Fitch affirmed the 'A+/F1' long- and short-term issuer default ratings that it assigns to American Express Co. along with the 'B' individual rating but revised the outlook on the ratings to negative. American Express Credit Corp., which has some $900 billion of bonds outstanding in the domestic market and carries the same ratings, has also been affected.

The outlook revision reflects the expectation that rising credit costs and declining billed business volume will reduce earnings potential and capital generation over the near term.
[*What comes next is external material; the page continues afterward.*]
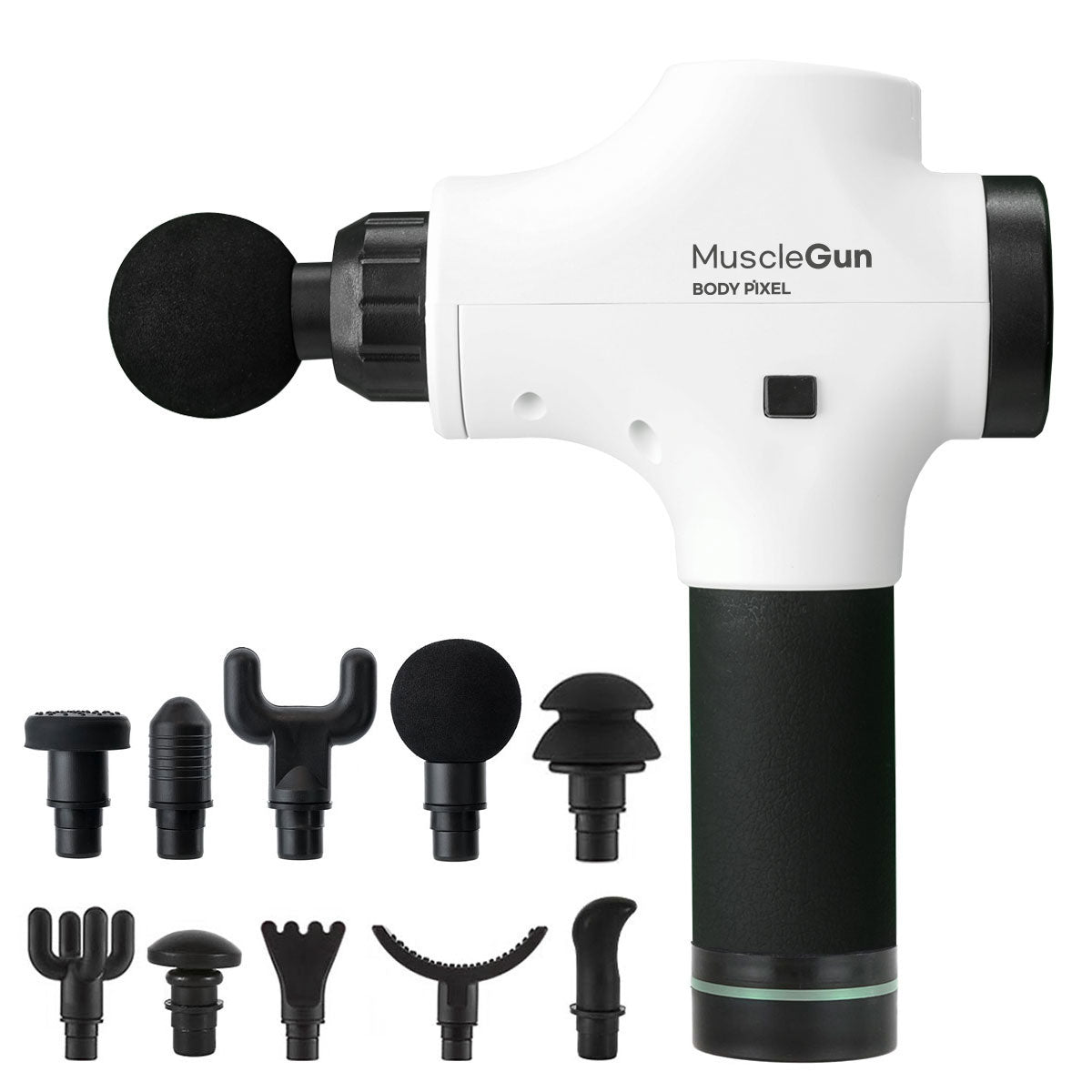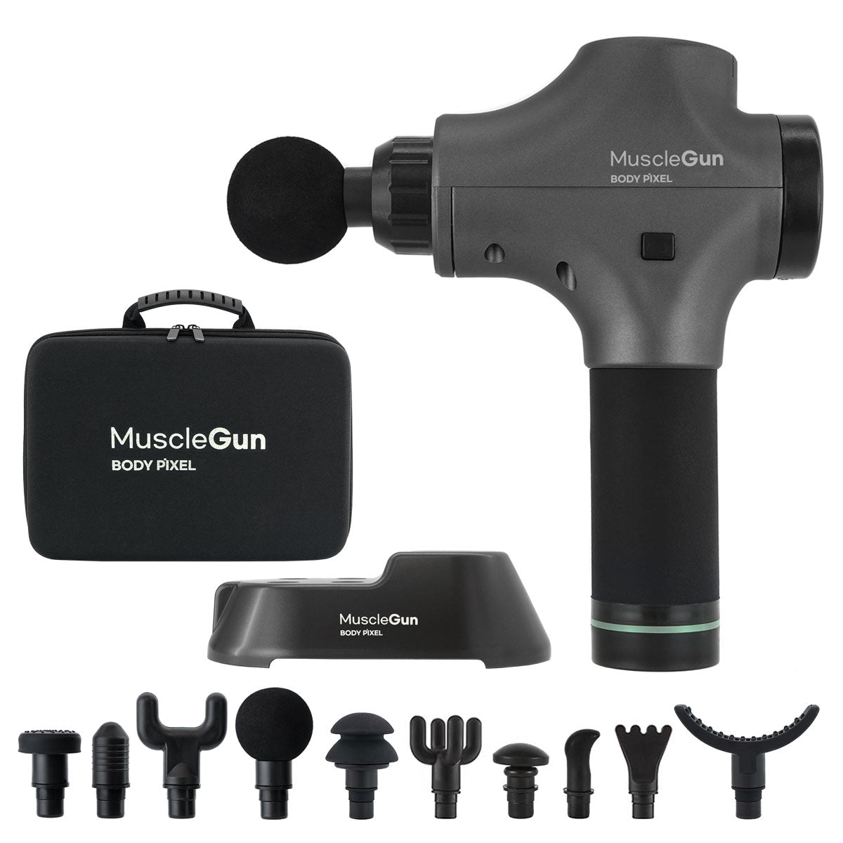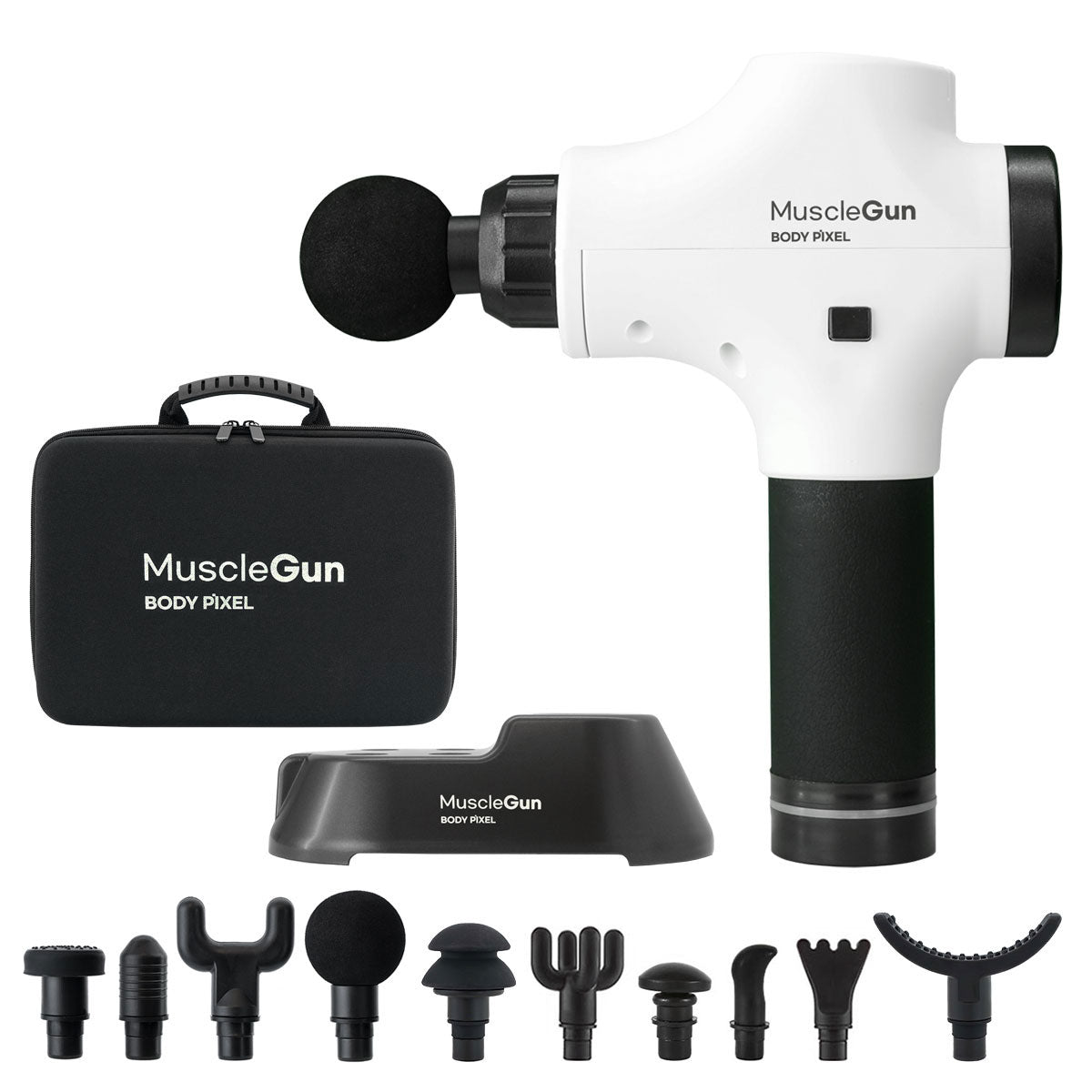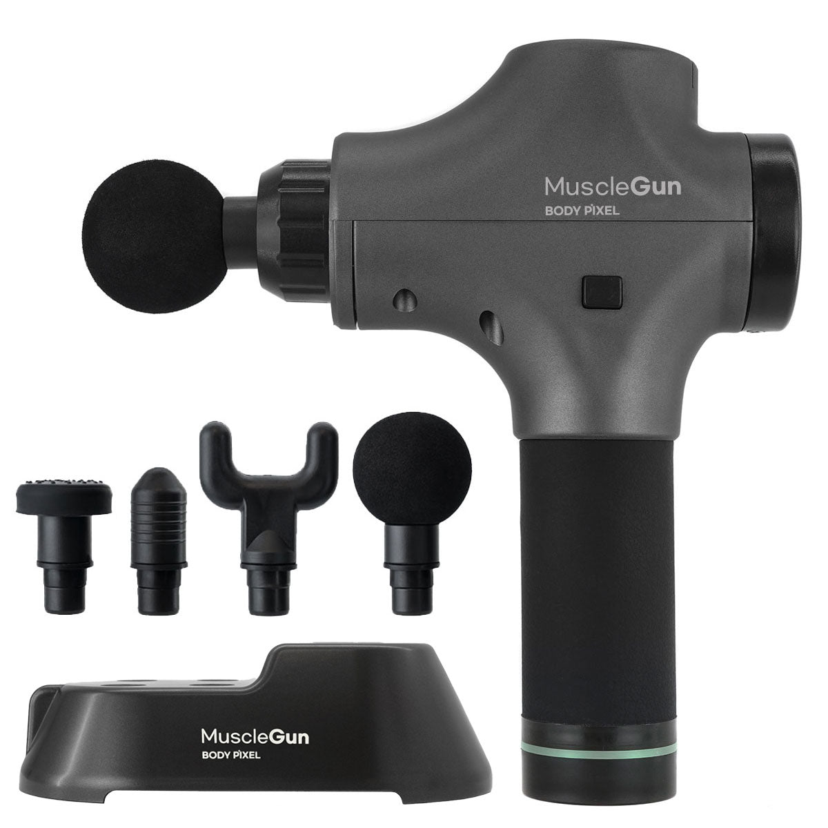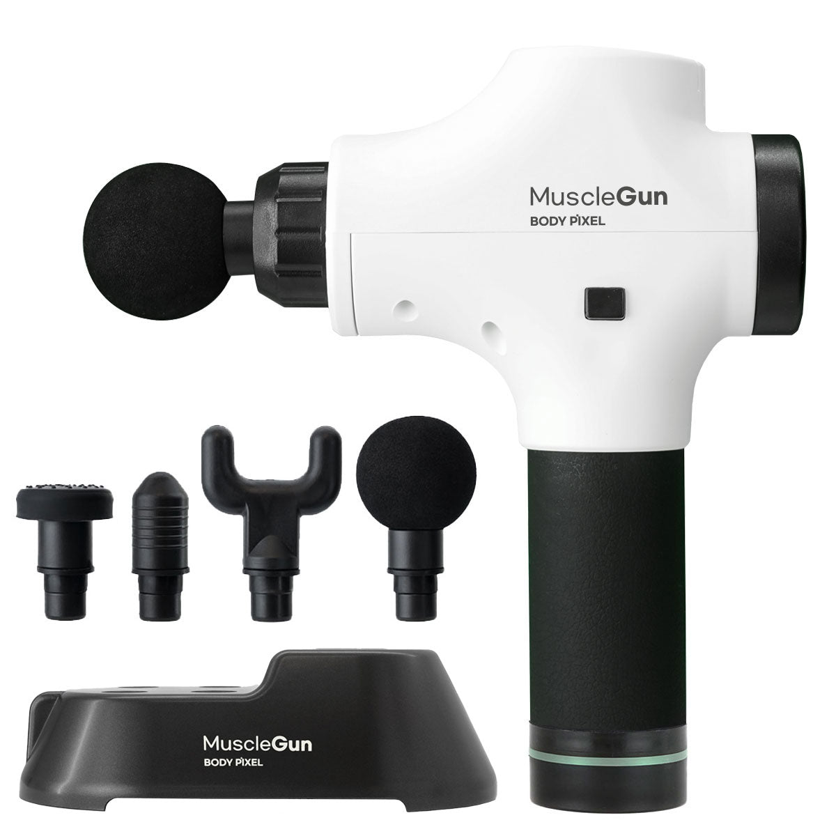 BODYPIXEL ボディピクセル マッスルガンで、いつでもどこでも手軽に筋膜リリースのマッサージが可能です。筋膜リリースとは、筋肉と筋膜の状態を改善するためのストレッチ方法で、筋膜をさまざまな方向に解きほぐしていくことで、体を元のパフォーマンスに戻します。BODYPIXEL ボディピクセル マッスルガンで、筋膜のよじれやねじれを解消して、正しい筋と筋膜の伸長性と筋肉の動きの回復を促しましょう。心までほぐれる秘密は類を見ないパワーにあります。このマッサージガンは1分間に最大3300回のパワフル振動が、普段動かさない筋肉の奥深くまで届きます。運動後のクールダウンにも最適で、酷使した腕や脚に軽く押し当てることで、体も気分もリフレッシュできます。パワフルさを維持しつつも本体が約840gなので片手で使えてリラックスにピッタリです。

The pace of deterioration in the company's credit card portfolio surpassed that of peers in 2008, given the heavier exposure to borrowers in California and Florida, outsized portfolio growth in 2006 and 2007, and the inclusion of a higher-loss small business portfolio, said Fitch.

Fitch went on to note that the recognition of quarterly operating losses, absent non-recurring items, a weakening liquidity profile, and/or notable reductions in capitalisation, as measured by tangible equity ratios, could result in negative rating action. Conversely, ratings stability will be driven by a recovery in portfolio credit metrics and a reversal of negative spending patterns.   

Moody's concluded its review for possible downgrade initiated in early March, by lowering the insurance financial strength rating assigned to Ambac Assurance Corporation to 'Ba3' from 'Baa1'. The rating outlook is developing.

The downgrade primarily reflects weakened risk adjusted capitalisation, as Moody's loss estimates on RMBS securities have increased significantly. This increases the estimated capital required to support Ambac's sizable direct RMBS portfolio and also its large portfolio of ABS CDO risks. Moody's noted that the claims-paying resources of Ambac remain above expected loss estimates, though this cushion has been significantly eroded, and losses in more severe stress scenarios would exceed available resources.

The developing outlook reflects the potential for further deterioration in the insured portfolio as asset performance develops over the intermediate term. It also incorporates positive developments that could occur including lower variability in mortgage-related asset performance, the possibility of commutations or terminations of certain ABS CDO exposures, and/or successful remediation efforts on poorly performing RMBS transactions. There is also the potential for various initiatives being pursued at the US federal level to mitigate the rising trend of mortgage loan defaults.

Following Goldman Sachs' announcement of its first quarter results and its intention to issue US$5 billion of common stock, S&P affirmed the 'A/Negative/A-1' ratings it assigns to the group. S&P said the results represent an impressive turnaround from the fourth quarter and the month of December, which was reported separately due a change in Goldman's year end date. Nevertheless, the outperformance of the Fixed Income, Currency and Commodities division relative to the others was noted.

In relation to the capital raising and intended partial repayment of TARP preferred stock, S&P noted that Goldman's adjusted total equity would be materially bolstered as S&P excludes the TARP preferred stock from its calculation of capital. However the ratings will continue to benefit from the assumption of extraordinary support from the US government, in need.